[AN: Ich freue mich, euch mitteilen zu können, dass ich ab nächster Woche Premium-Mitglied werde. Bitte unterstützt dieses Buch weiterhin.
Ich liebe euch alle ]
Auf dem Südmeer floh ein einsames Piratenschiff mit aller Kraft.
Seine zerfetzten schwarzen Segel blähten sich im Wind und rasten mit aller Geschwindigkeit, die die Besatzung aufbringen konnte, über das Südmeer.
Kapitän Blackbeard brüllte Befehle und trieb seine Männer an, das Schiff bis an seine Grenzen zu bringen.
Sie wussten, dass sie von dem furchterregenden Schiff Huang verfolgt wurden, und ihre einzige Hoffnung war die Flucht.
Als die Sonne hinter dem Horizont versank und die Weite des Meeres in orange und rosa tauchte, war die Spannung an Bord des Piratenschiffs mit Händen zu greifen.
Die Augen der Besatzung huschten nervös zum Heck, wo das Huang-Schiff, ein imposantes Schiff mit goldenen Segeln, immer näher kam.
Gerade als es so aussah, als würde das Huang-Schiff zum Angriff ansetzen, passierte etwas Seltsames und Unheimliches.
Das Piratenschiff begann plötzlich zu flimmern und seine Form verschwamm wie eine Fata Morgana in der Wüste.
Erstaunte Ausrufe entrangen sich den Lippen von Blackbeards Crew, als sie sahen, wie ihr Schiff vor ihren Augen in Nichts verschwand.
„Was ist gerade passiert?“
Alle auf dem Schiff Huang rissen die Augen auf und ihre Kinnladen fielen herunter.

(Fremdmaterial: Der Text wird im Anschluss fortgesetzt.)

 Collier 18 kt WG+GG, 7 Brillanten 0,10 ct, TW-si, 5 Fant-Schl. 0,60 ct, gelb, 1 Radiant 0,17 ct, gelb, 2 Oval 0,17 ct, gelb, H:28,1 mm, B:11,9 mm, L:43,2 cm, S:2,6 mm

Ein paar Sekunden lang konnte niemand glauben, was sich gerade vor ihren Augen abgespielt hatte.
Huang Guo blinzelte zweimal und fragte mit zitternder Stimme.
„Seht ihr alle, was ich sehe?“
„Ja … Junger Herr“, antworteten die Besatzungsmitglieder einstimmig.

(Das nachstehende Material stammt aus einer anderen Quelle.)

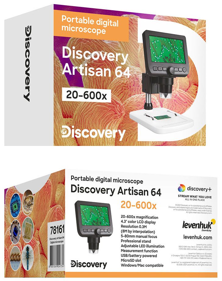 У микроскопа Discovery Artisan 64 есть встроенный ЖК-экран, на котором в режиме реального времени можно наблюдать картинку с объектива.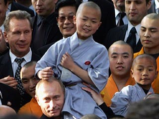 Глава российского государства сфотографировался тогда с группой мастеров ушу, а самого маленького из участников показательных выступлений, восьмилетнего Ши, даже посадил себе на плечо.

Es war das erste Mal, dass sie auf See ein so bizarres Phänomen erlebt hatten.
Es war kein Geheimnis, dass alle Besatzungsmitglieder des Huang-Schiffes erfahrene Seeleute mit jahrzehntelanger Erfahrung auf See waren.

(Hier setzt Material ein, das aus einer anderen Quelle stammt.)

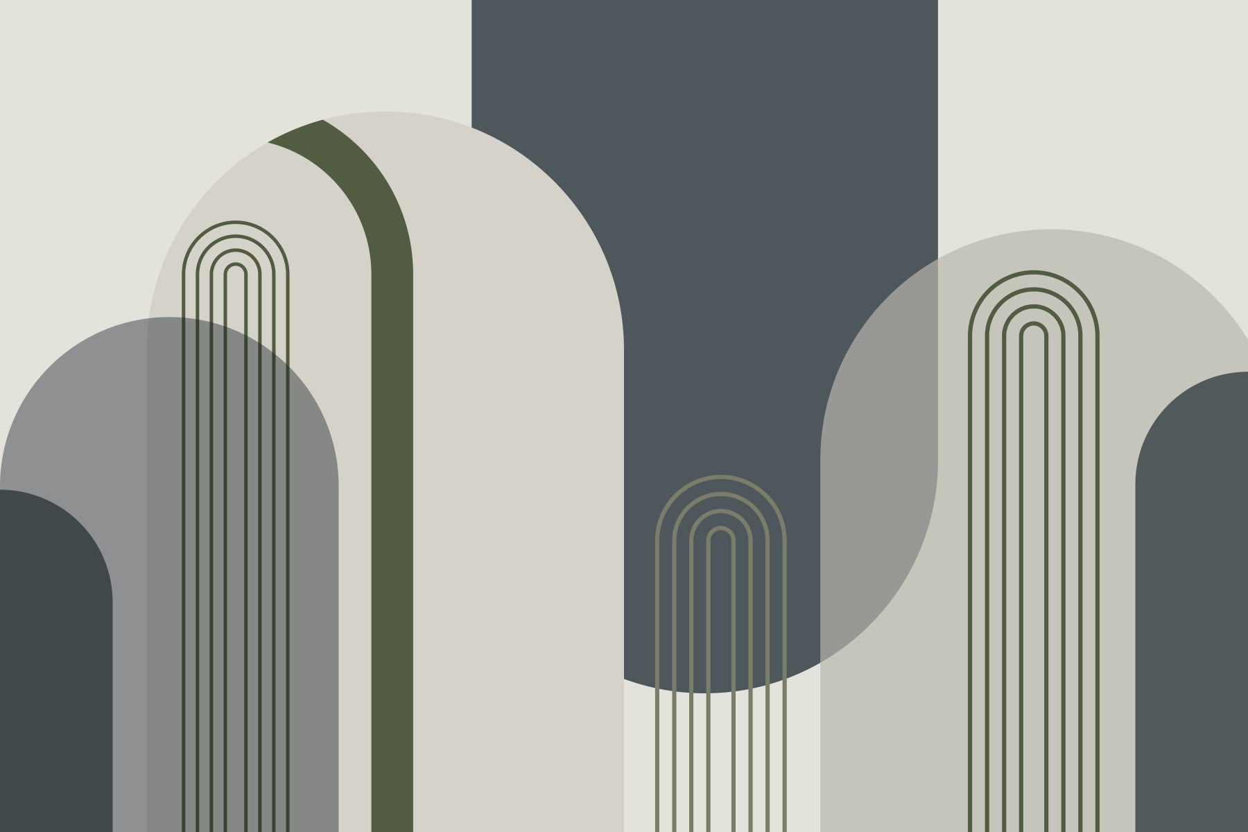 Invite a serene atmosphere with this elegant wallpaper. It showcases soft arches and vertical lines in gentle tones of beige, blue gray, and olive green. The design promotes relaxation, ideal for bedrooms, living rooms, or a tranquil office. Apply this wallpaper for walls and transform your space. Its modern style easily complements a variety of interiors, including Scandinavian and contemporary designs. The subtle color palette adds warmth and depth, making any room feel welcoming.

Dass sie vom plötzlichen Verschwinden des Piratenschiffs schockiert waren, konnte nur eines bedeuten: So etwas hatten sie noch nie erlebt.
„Was sollen wir tun?“, fragte ein alter Mann und starrte Huang Guo an.
Als er die Frage hörte, wurde es still auf dem Deck, nur das leise Rauschen der Wellen war zu hören.
Huang Guo blickte in die Richtung, in der das Piratenschiff verschwunden war, und dachte einen Moment nach.
„Ich habe die Metallknochenkonstruktion … kombiniert mit Spirit Comms. Was könnte schon schiefgehen?“, dachte er.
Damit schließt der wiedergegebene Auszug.